Embocaram-se as cambonas

sobre as cinzas de um fogo morto.

Longas noites de ébrio e solidão

puseram-se como pontas de lança

e ideais perderam-se

entre goles e turvos pensamentos.

 

O rijo angico já queima bem mais ligeiro,

e as brasas já não acalentam

essas mão judiadas,

que sentem as chamas

ruirem em clarão e fumaça.

 

Passou-se século e meio

de farrapas batalhas incontestes.

mas ainda somos os mesmos

heróis solitários do calvário.

Ainda temos o mesmo ideal libertário,

as mesmas esperanças,

o mesmo sangue caudilho,

e,  sobretudo, a mesma bandeira,

desses devaneios,

que a cada anoitecer de dia voltam,

acumulando-se chagas de tormentos

e dores de nossos antepassados.

 

E a nós, o que restou?

Um campo largo sem horizontes?

Talvez pastorejar rebanhos alheiros?

Ou, quem sabe ainda,

buscar linhas imaginárias

que os próprios anseios de um homem

fazem perder-se nos rumos do infinito.

 

Ergue-te campeiro!

Companheiro, tu não estás só.

E se estiverdes

estás aquém de teu destino,

fugindo por atalhos embretados

com ásperos ventos

que cortam teus soluços de pranto.

 

Desperta, antes que tua garganta se emudeça.

Tua estância está só

e teu rancho tão somente

postado no abandono

 

Teus alambrados ruiram

e teus moirões perderam

seus cernes centenários.

Tuas cancelas e porteiras trancaram-se

e tu te perdeste nessa

paisagem abstrata e milenar da pampa.

E em todas as sesmarias,

que eram tuas,

o mugido do boi compõe

cânticos de solidão.

 

Deixaste teu galpão esquecido

e suas paredes negras cochilam

com tanto pesar e silêncio.

 

Ah!
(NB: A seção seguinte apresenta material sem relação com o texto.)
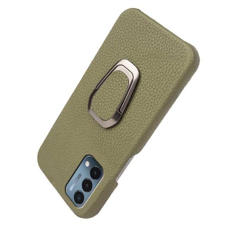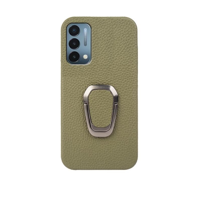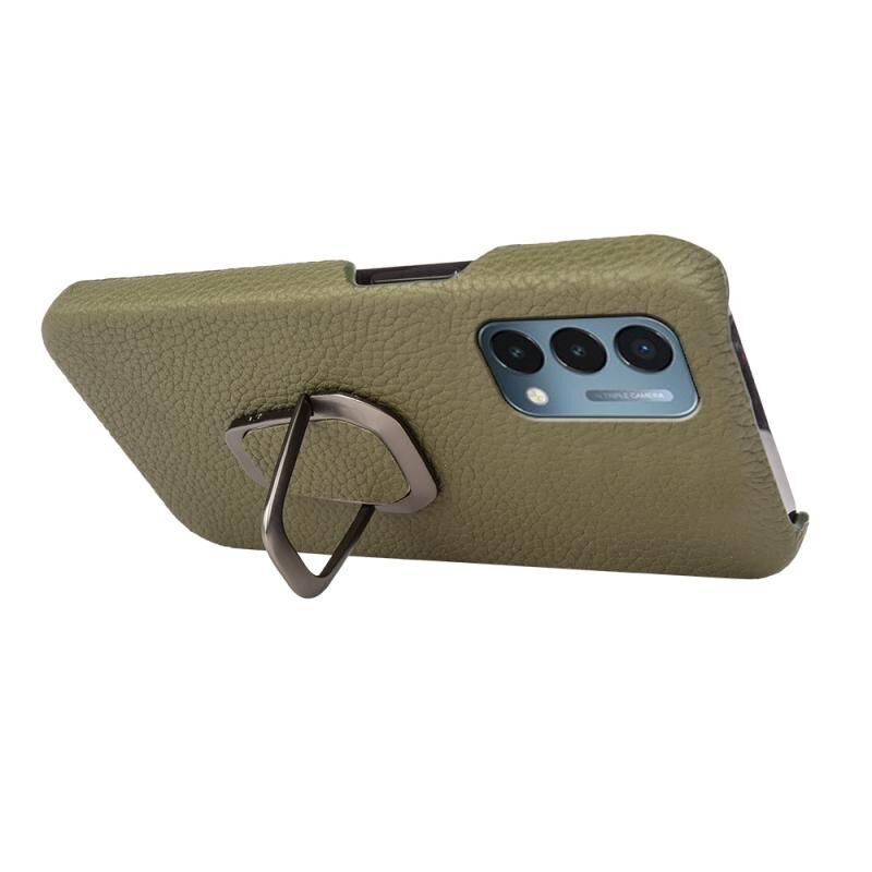 For OnePlus Nord N200 5G Ring Holder Litchi Texture Genuine Leather Phone Case(Green)

Esse silêncio...

Que  contém tuas horas vazias,

contém tuas amarguras

e teus encantos pela terra.

essa herança de charruas e tempos.

 

E, hoje campeiro,

homem de tantas labutas infatigáveis,

postaste-te num corredor estreito e comprido

tal e qual teus sonhos e sofrimentos.

Se te sentes só, de que adiantou

tanto esforço de braços e mão?

Restaram-te os mesmos trapos,

as mesmas mãos coxilhadas,

e o mesmo peso dos arados.

 

Quase nada te sobrou, campeiro.

Sabes que hoje tens apenas

teu cantito pobre

e tuas saudades remoçadas.

Mas ainda é soberano de teus limites.

Por mais que tudo mude,

tu não vais te mudar.

 

Tu sabes que teus avós

te legaram esse chão e, mais ainda,

sabes que teus herdeiros

sempre defenderão teus ideais.

 

Então, sem  que tu percebas,

verás que tua posse é o teu lugar

e dessa terra gaúcha

ainda és o dono.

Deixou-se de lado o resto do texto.